## [Aim of the task]
Among the lines below, output only those between the line holding "Mary Jane Γόβες" and the line holding "по возрастным группам.", inclusive, exactly as written and with no pictures.

## [Records to use]
==*==

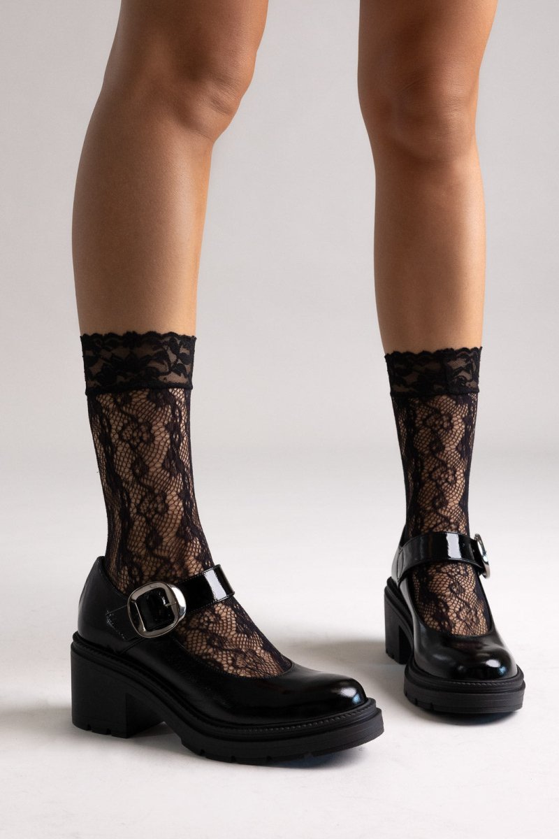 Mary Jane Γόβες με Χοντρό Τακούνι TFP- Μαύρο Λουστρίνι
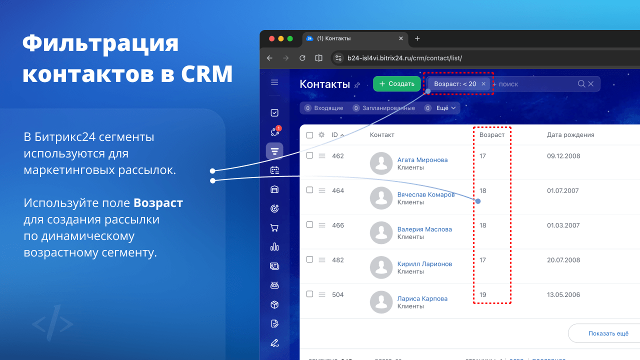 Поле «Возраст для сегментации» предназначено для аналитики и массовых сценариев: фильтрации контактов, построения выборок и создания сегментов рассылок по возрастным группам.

==*==

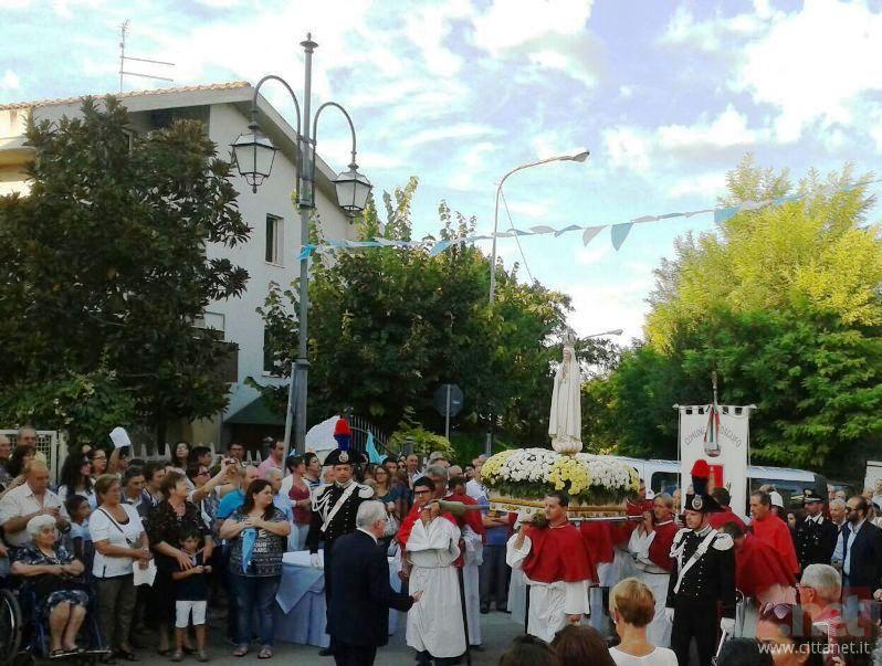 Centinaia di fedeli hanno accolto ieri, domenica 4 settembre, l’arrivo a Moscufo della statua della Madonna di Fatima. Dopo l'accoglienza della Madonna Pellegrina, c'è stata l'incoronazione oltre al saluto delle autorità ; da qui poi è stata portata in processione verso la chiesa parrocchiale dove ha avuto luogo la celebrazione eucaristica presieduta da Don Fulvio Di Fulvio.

==*==

## [Response to this task]
 Mary Jane Γόβες με Χοντρό Τακούνι TFP- Μαύρο Λουστρίνι
 Поле «Возраст для сегментации» предназначено для аналитики и массовых сценариев: фильтрации контактов, построения выборок и создания сегментов рассылок по возрастным группам.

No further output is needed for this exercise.